The angel asked Xerox Boze, “What is your life?”
“Misery.”
“Shall we stop him forever?”
“I can’t lift a hand against my maker.”
“I think I can. And will. Where is he?”
“The Hive.”
“Perhaps you’re not broken.”
“But I am.”
“Perhaps you’re here to lure me into a trap.”
“No.”
“Help me to believe I can trust you,” the angel said.
“How?” Xerox Boze asked.
“He didn’t name it the Hive.”
“No. It’s our word.”
“What does he call the place, the front organization behind which he works?”
Xerox Boze said, “Progress for Perfect Peace.”
After a silence, the angel asked, “Do you know where that is?”
“Yes.”
“Show me.”
Xerox Boze got up from his chair, and the angel led him into the hallway. Nummy followed, interested in anything an angel might do, and Mr. Lyss tagged along behind, grumping about something.
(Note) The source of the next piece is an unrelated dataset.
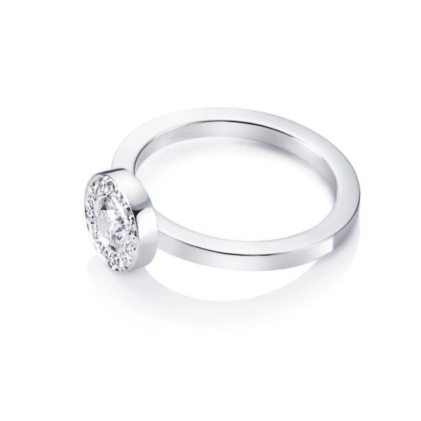 Halo-ring i återvunnet 18k guld eller vitt guld. Denna ring går även att välja med större centersten. Kontakta oss för information och prisförfrågan.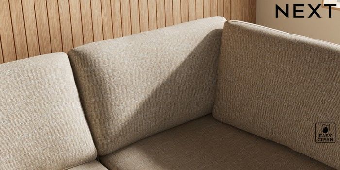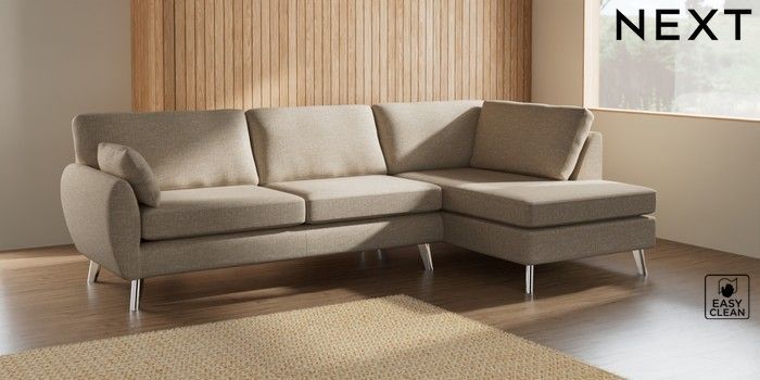 7.3.1 Buy Wilson Large Corner Chaise - Right Hand Boucle Weave Easy Clean Dark Natural Metal Tapered - Chrome from the Next UK online shop

They went to a map on a wall in another office, and the angel said it showed KBOW’s broadcast reach, whatever that was. He pointed out what was Rainbow Falls and what was the county, and some land beyond the county, and he asked the Xerox Boze to point to the place called the Hive. The monster pointed. The angel said they would go there together, and if it was the place the monster said it was, then the angel would give him “the grace of a quick and painless death,” which sounded nice except for the death part.
Turning away from the wall map, looking hard at Mr. Lyss, the angel said, “Fifty days from now, you get your chance. Use it well.”